ESCALADAS PELA CIDADE

Após a volta pra cidade, tiramos dois dias de descanso total, só levantávamos pra fazer necessidades básicas. No terceiro dia já procuramos dar uma escaladinha na cidade, fomos ao setor da Burbuja, logo ali, do outro lado do rio. Escalamos umas três vias esportivas, sem nome nem grau, coisa que não existe catalogada por ali, e voltamos pro camping, pois tava ventando um pouco e fazia frio.
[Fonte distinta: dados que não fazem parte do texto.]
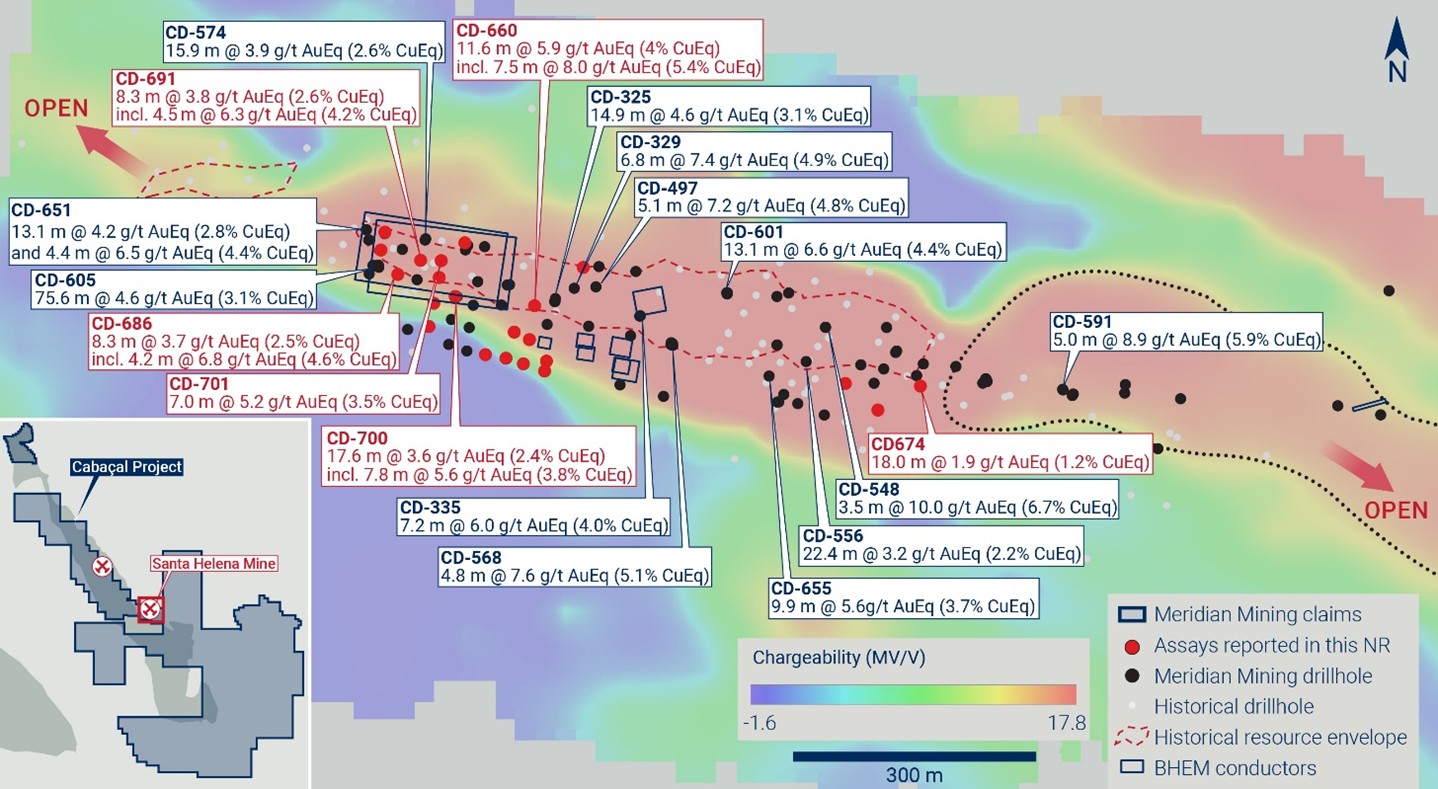 LONDON, UK / ACCESS Newswire / June 10, 2025 / Meridian Mining UK S (TSX:MNO),(Frankfurt/Tradegate:2MM)(OTCQX:MRRDF) (“Meridian” or the “Company”) is pleased to provide an update on its Santa Helena Au-Cu-Ag & Zn project (“Santa Helena”). Multiple intersections of shallow high-grade Au-Cu-Ag & Zn mineralization have been drilled as part of Santa Helena’s expanded resource delineation drill program1.

No dia seguinte fomos dar uma escaladinha no ginásio da cidade, mas descobrimos que estava fechado pra reforma, fomos então no locutório (onde usávamos wifi) e vimos que ia abrir uma janelinha nos próximos dias, mas ia ter precipitação na noite anterior, o que nos deixou um pouco desanimados, pois iríamos tentar uma via que seria mais dura, e escalar assim no molhado não nos animava muito. 
Resolvemos esperar a próxima janela, que já vinha aparecendo no fim da previsão e parecia bem boa!

O dia seguinte amanheceu lindo, e como resolvemos ficar pela cidade, fomos dar uma caminhadinha até o calamar, setor de esportivas que fica a 7km da cidade, andando pela estrada. Entramos em algumas vias de 6b até 7c, regletera, pinças, divertido, mas bem duro. O setor é ótimo para os dias mais ventosos, pois é protegido. Na volta conseguimos ainda uma carona!

Calamar

Mais um dia de tempo bom e fomos no "campo-escola" da cidade, onde escalamos uma sequencia de 9 vias esportivas fáceis bem rapidinho e fomos comer umas empanadas!!

Descansamos mais um dia, andando só de camiseta pela cidade, impressionante! Depois fomos aos preparativos pra próxima janela, registramo-nos no parque, meio burocrático, eles pedem um seguro de vida, coisa que não tínhamos, e no final das contas,m nos deram a liberação.

CAMINHADA PRO NIPONINO

Era dia 31 de janeiro e saímos de Chaltén rumo ao niponino novamente! Dessa vez subíamos leves, sem as cordas, as costuras e os equipos móveis, o Otto ainda deixou escondido lá em cima o saco de dormir e o isolante. Caminhamos por cerca de 6h até o niponino, pegando uma ventania bem forte no frecho final, com algumas rajadas que nos faziam ter que parar de caminhar e firmar os apoios no chão pra não sermos derrubados. Lá perto, descobrimos que por pouco nossos equipos não caíram na greta! Deixamos tudo escondido em sacos em baixo de umas pedrinhas, mas em cima do glaciar, ideia idiota, pois com os dias quentes o glaciar derreteu e já tinham uns buracos se abrindo no gelo perto dos equipos. Resgatamos tudo, e chegando no niponino tivemos uma surpresa, não havia ninguém lá, fato inédito nas nossas idas ao local. Achamos estranho, ficamos pensando que poderíamos ter sido enganados pela previsão, ou olhado errado...enfim, montamos a barraca no melhor lugar, fizemos a janta e fomos dormir, a escalada do dia seguinte estava de pé!

Niponino - Casa 2

ESCALADA DA VIA VOIE DES BÉNITIERS (6C A1 400m)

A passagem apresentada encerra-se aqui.